Question 31. What is the height of an equilateral triangle with side 10 cm?
a) 10 cm
b) 5√3 cm
c) 10√3 cm
d) 15 cm
Answer:
b) 5√3 cm — The height of an equilateral triangle is \( \frac{\sqrt{3}}{2} \times a \). Substituting \( a = 10 \), height = \( 5\sqrt{3} \, \text{cm} \).
Question 32. For a triangle with sides 15 cm, 18 cm, and 25 cm, the semi-perimeter is:
a) 25 cm
b) 26 cm
c) 28 cm
d) 29 cm
Answer:
c) 29 cm — \( s = \frac{15 + 18 + 25}{2} = 29 \, \text{cm} \).
Question 33. What is the area of a triangle with sides 14 cm, 48 cm, and 50 cm?
a) 224 cm²
b) 336 cm²
c) 448 cm²
d) 560 cm²
Answer:
b) 336 cm² — \( s = \frac{14 + 48 + 50}{2} = 56 \), area = \( \sqrt{56(56-14)(56-48)(56-50)} = 336 \, \text{cm}^2 \).

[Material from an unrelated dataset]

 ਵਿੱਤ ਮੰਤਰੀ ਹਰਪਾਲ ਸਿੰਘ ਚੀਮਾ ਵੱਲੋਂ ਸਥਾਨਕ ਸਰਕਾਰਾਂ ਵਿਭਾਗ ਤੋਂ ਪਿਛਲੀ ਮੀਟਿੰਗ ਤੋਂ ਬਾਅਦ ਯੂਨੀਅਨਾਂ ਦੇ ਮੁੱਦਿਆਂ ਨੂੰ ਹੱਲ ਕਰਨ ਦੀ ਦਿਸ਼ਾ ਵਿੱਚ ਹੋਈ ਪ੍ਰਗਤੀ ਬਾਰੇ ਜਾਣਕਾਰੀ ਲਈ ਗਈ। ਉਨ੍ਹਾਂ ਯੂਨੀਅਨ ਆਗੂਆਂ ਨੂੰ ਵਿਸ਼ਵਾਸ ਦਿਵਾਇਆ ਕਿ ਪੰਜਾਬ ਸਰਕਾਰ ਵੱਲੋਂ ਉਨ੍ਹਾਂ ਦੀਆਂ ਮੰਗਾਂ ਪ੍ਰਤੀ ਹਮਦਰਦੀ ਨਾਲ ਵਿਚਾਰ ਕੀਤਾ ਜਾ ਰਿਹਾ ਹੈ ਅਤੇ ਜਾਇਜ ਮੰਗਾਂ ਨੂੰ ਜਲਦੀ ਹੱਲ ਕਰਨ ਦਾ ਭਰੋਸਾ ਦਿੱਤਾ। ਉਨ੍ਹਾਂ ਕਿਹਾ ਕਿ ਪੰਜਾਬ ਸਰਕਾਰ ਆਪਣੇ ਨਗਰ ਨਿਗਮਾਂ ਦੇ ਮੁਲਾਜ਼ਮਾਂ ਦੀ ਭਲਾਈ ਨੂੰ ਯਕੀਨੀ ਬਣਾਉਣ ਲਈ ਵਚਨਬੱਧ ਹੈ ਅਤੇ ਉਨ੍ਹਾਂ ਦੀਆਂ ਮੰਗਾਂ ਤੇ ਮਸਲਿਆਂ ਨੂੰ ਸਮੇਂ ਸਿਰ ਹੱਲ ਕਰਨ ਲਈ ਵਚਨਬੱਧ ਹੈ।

Question 34. The triangle with sides 21 m, 20 m, and 29 m is:
a) Right-angled
b) Equilateral
c) Scalene
d) Isosceles
Answer:
a) Right-angled — The sides satisfy \( 21^2 + 20^2 = 29^2 \), confirming it is a right-angled triangle.

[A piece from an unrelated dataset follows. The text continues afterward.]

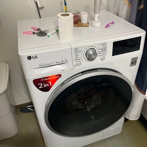 Logik kombinerad tvättmaskin och torktumlare. Vit färg med frontmatning och elektronisk kontrollpanel med vred och display. Maskinen är avsedd för tvätt och torkning i ett och samma enhet.

Question 35. A triangle has sides 8 cm, 15 cm, and 17 cm. What is its area?
a) 50 cm²
b) 55 cm²
c) 60 cm²
d) 65 cm²
Answer:
c) 60 cm² — \( s = \frac{8 + 15 + 17}{2} = 20 \), area = \( \sqrt{20(20-8)(20-15)(20-17)} = 60 \, \text{cm}^2 \).